Disabled Whitby mom seeks accommodation so daughters can safely ride bus to school
Whitby resident Brittany Heath, who has ALS, is seeking accommodation so that her two young daughters can ride the bus to school. The family lives 400 metres too close to the kids' school to qualify for the service.
Published Thursday, September 21, 2023 9:52PM EDT
Last Updated Friday, September 22, 2023 7:47AM EDT
A disabled Whitby mother is speaking out about a policy that she says has left her unable to access school bus transportation for her two young daughters.
Brittany Heath lives with Amyotrophic lateral sclerosis (ALS), also known as Lou Gehrig’s disease, and is no longer able to walk unassisted or freely use her arms.
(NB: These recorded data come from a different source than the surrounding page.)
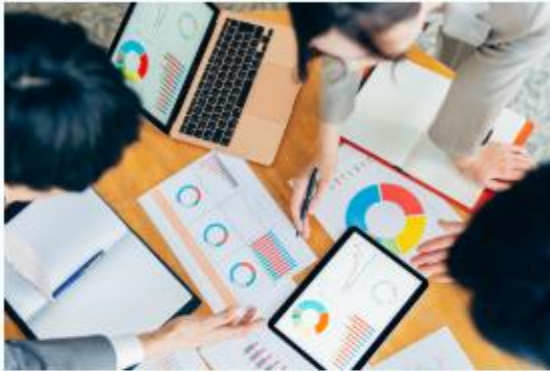
サウンディングサポート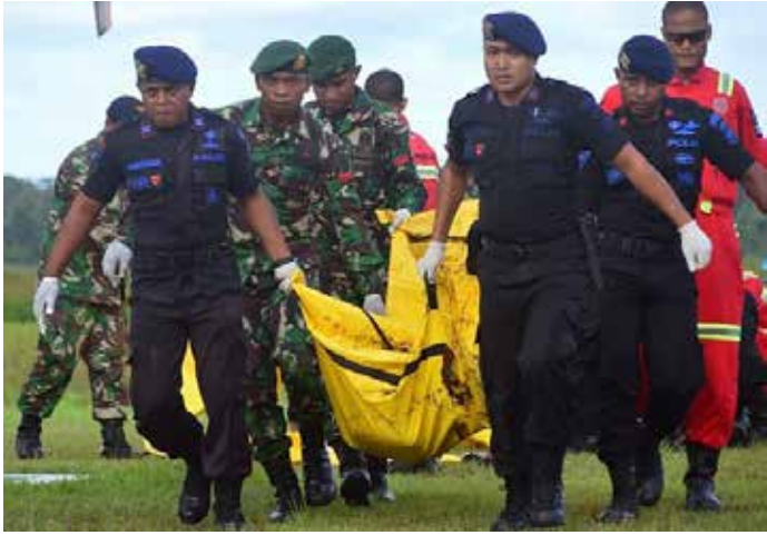
▲ 2018년 12월 7일 인도네시아 군경이 파푸아 주 띠미카 지역에 도착한 국영건설사 소속 근로자들의 시신을 옮기고 있다.

인도네시아 파푸아 주에서 건설 노동자 19명을 살해한 분리주의 반군이 인도네시아 정부에 독립이나 자치권 확보를 위한 협상을 요구하고 나섰다. 9일 일간 자와 포스 등 현지 매체와 외신에 따르면, 파푸아 분리주의 단체인 자유파푸아 운동(OPM) 산하 무장조직 서 파푸아해방군(TPNPB)의 세비 삼본 대변인은 언론 인터뷰를 통해 인도네시아 정부와의 평화협상을 요구했다. 인도네시아에서 독립한 동티모르나 자치권을 얻어낸 서부아체 주처럼 파푸아 원주민들에게도 민족자결권을 보장해야 한다는 주장이다. 그는 “아체와 동티모르가 그런 기회를 가졌다면 왜 우리는 안 되느냐”면서 “우리는 발전이 필요하지 않다. 우리에게 필요한 것은 독립”이라고 말했다. 앞서 이 단체는 이달 1일 파푸아 주 은두가 리젠시(군·郡)의 파푸아항단도로 건설 현장을 공격해 타 지역 출신 건설 근로자 19명을 살해했다.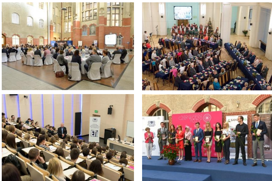
Rys. 4. Kultura akademicka na PG

(International Christmas Tree, 16.12.2016, fot. P. Niklas; Narodowe Święto Niepodległości na Politechnice Gdańskiej, 10.11.2017, fot. K. Krzempek; Zjazd absolwentów Wydziału Zarządzania i Ekonomii 2017, 18.11.2017, fot. P. Niklas; Spotkanie oplatkowe, 28.12.2017, fot. P. Niklas; Wykład fakultatywny z przedmiotu humanistyczno-społeczny, pt. „Proces poznawczy w naukach przyrodniczych”, który wygłosił prof. dr hab. inż. Janusz Mrocza, dr. h. c. mult., 26.02.2018, fot. P. Niklas; Gala Konkursu Czerwonej Róży 2018, 27.05.2018, fot. K. Krzempek)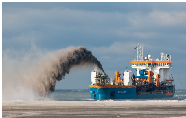
Waterbouwers aan het werk bij Maasvlakte 2.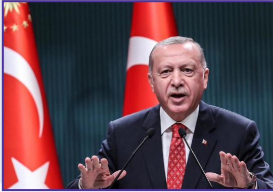
رجب طيب أردوغان

المنطقة، والعمل على إحيائه. ويضيف هذا التيار أن العلاقات التركية الإسرائيلية بقيت مستقرة، بل إن العلاقات التجارية جعلت من تركيا الشريك التجاري والسياحي الأول لـ"إسرائيل" في الشرق الأوسط، ناهيك عن وجود مسافة فاصلة تضيق وتتسع بين الحين والآخر بين تركيا وتنظيمات محور المقاومة كحزب الله، بل وأحياناً مع الجهاد الإسلامي والجبهة الشعبية لتحرير فلسطين، إلى جانب مسافة فاصلة نسبياً مع إيران التي يرى هذا التيار فيها سنداً مركزياً لمحور المقاومة الذي لا يروق له استمرار العلاقات الدبلوماسية الكاملة بين تركيا و"إسرائيل"، لا سيما أن تركيا هي أول دول إسلامية اعترفت بـ"إسرائيل" منذ نشوئها، وفي ظلّ تيار سياسي تركي حاكم يختلف تماماً في توجهاته عن توجهات حزب العدالة والتنمية الحاكم حالياً في تركيا، لكن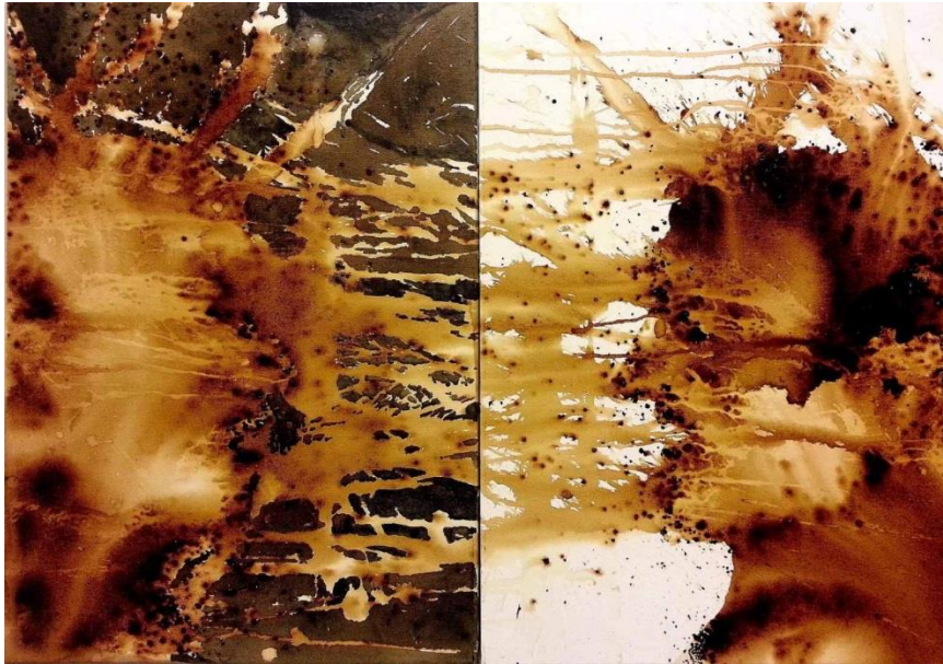
مروقه‌کانی ئەم سەردەمە - 1 - / 2015 / 140x100 سم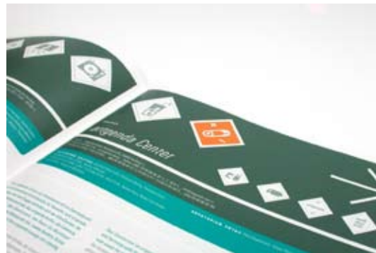
links Innenseiten Programmheft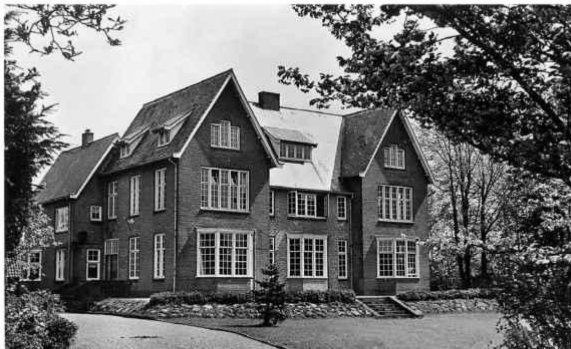
De Koningin Juliana- school aan de Wilhelminadreef.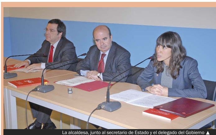
La alcaldessa, junto al secretario de Estado y el delegado del Gobierno ▲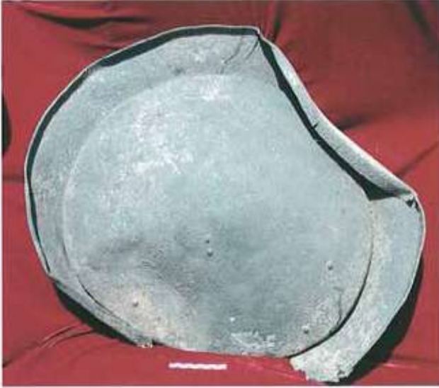
Res. 8: Ayanis tunç kalkan.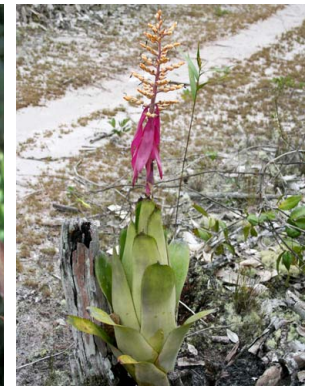
35 A. nivea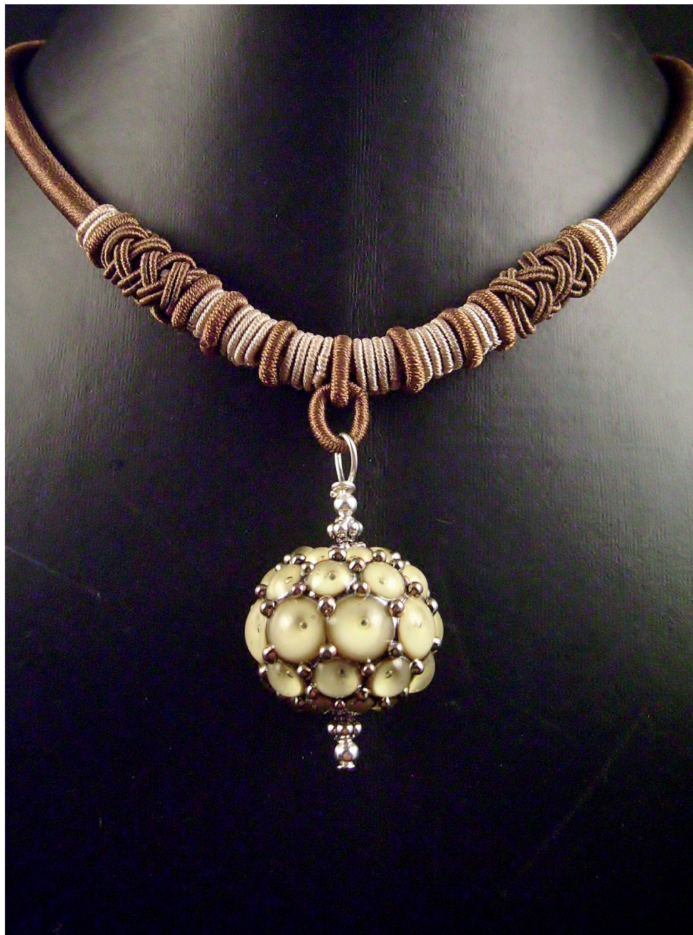
Pendentif monté sur collier en passementerie collection «Baroque». Verre filé et cloisonné à la feuille d'argent et inclusion de bulles d'air.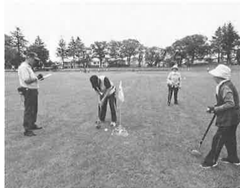
☆ねらって、ねらって～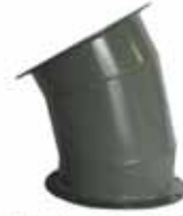
90° - 7 GORE ELBOWS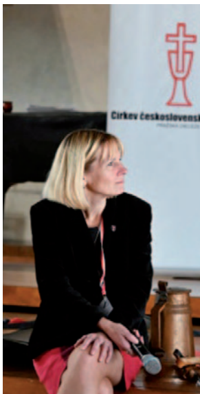
V Betlémské kapli při letošních oslavách 600. výročí J. Žižky.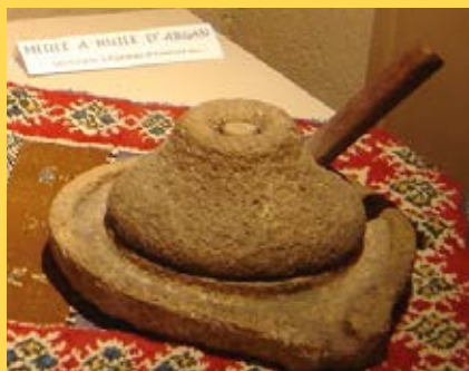
Moulin à huile d'argan marocain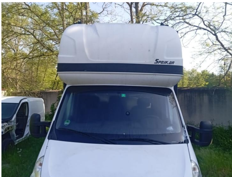
Fot. 3. Przód prostopadle góra (szyba)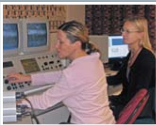
客户的需求是研发新线材的动力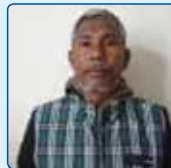
निरमान मास्नी कार्यपालिका सदस्य अल्पसंख्यक सदस्य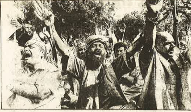
“நீதிமன்றத்திற்கும் சட்டத்திற்கும் கட்டுப்பட மாட்டோம்; அயோத்தியில் ராமன் கோயில் கட்டியே தீருவோம்!”

- நாடாளுமன்றத்தை முற்றுகையிட்டு எச்சரிக்கும் கஞ்சா சாமியார்கள்.

She gave up driving six years ago due to her illness and has found it difficult to get her children, ages 4 and 6, safely to school when her husband is unavailable to help due to work obligations.
She told CP24.com that she would like the consortium responsible for school transportation in Durham to accommodate her by allowing her children to ride the bus that passes by her door every day.
However, Heath said that her kids have been denied access to school bus transportation because they live about 400 metres too close to their school.
In order to qualify for bus service through Durham Student Transportation Services families must reside 1.7 kilometres or more from their school. Heath and her family live 1.3 kilometres away.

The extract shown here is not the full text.